(Dataset content Opens)

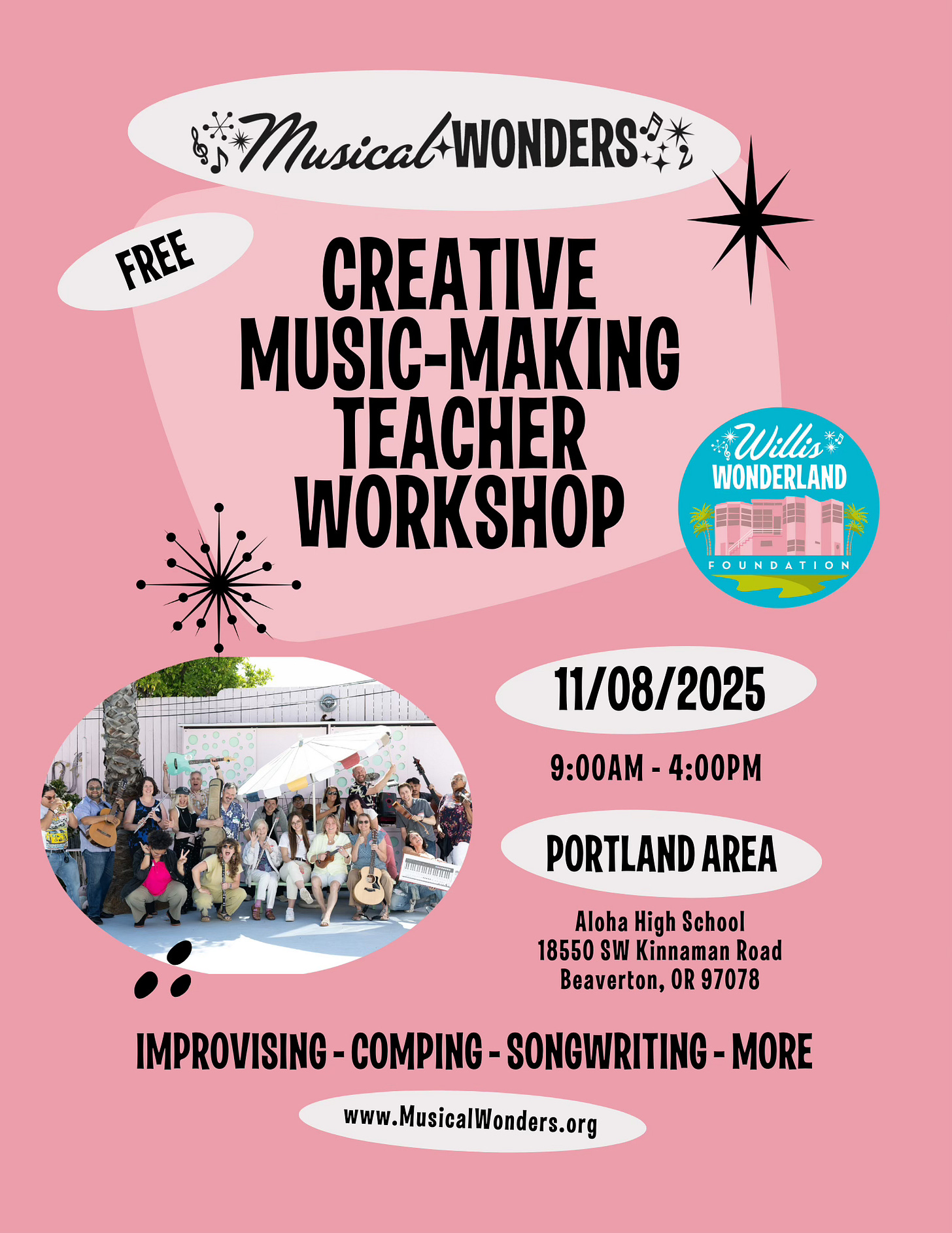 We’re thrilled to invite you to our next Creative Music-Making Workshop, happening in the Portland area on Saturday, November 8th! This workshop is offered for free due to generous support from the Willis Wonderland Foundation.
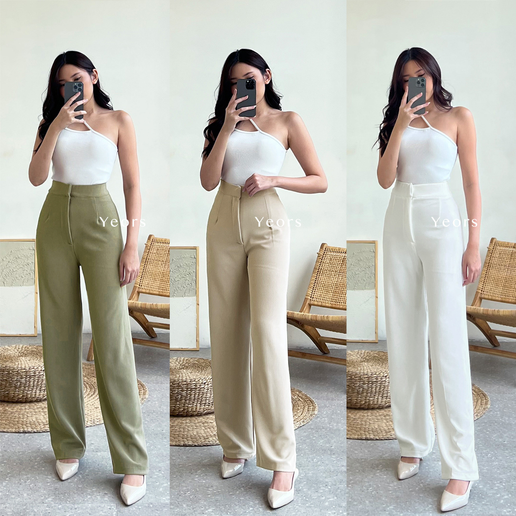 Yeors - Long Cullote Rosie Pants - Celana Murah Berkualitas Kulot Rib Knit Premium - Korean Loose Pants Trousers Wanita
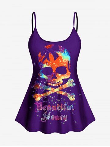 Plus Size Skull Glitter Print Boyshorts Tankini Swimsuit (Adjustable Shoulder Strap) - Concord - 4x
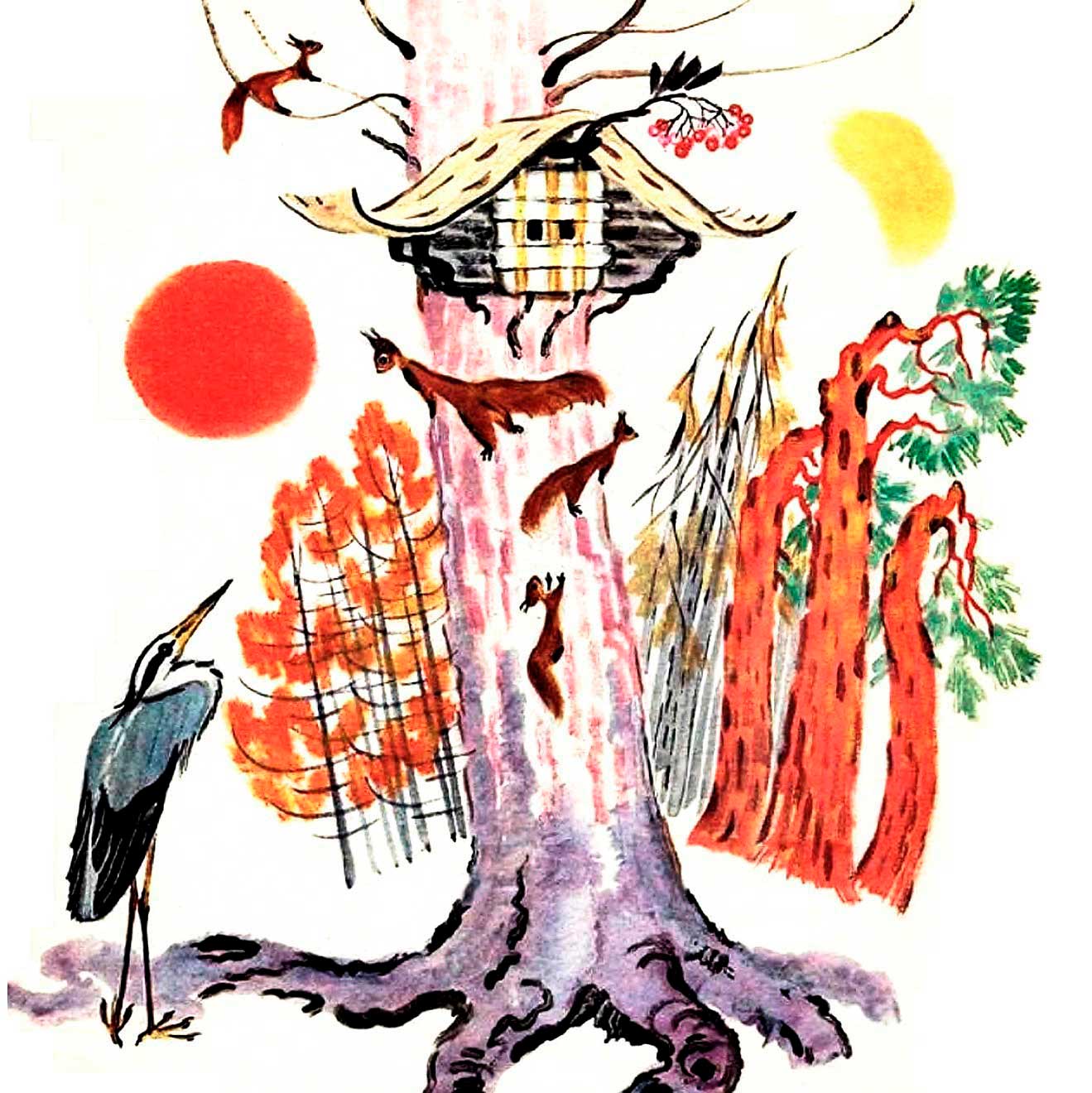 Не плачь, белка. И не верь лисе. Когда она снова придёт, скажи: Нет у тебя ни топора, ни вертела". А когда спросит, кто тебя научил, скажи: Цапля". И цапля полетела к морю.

(Dataset content Closes)

Task to carry out:
Repeat the listing above up to and including the line with "Yeors - Long", starting from its first line. Drop any pictures.

Reply to the task:
 We’re thrilled to invite you to our next Creative Music-Making Workshop, happening in the Portland area on Saturday, November 8th! This workshop is offered for free due to generous support from the Willis Wonderland Foundation.
 Yeors - Long Cullote Rosie Pants - Celana Murah Berkualitas Kulot Rib Knit Premium - Korean Loose Pants Trousers Wanita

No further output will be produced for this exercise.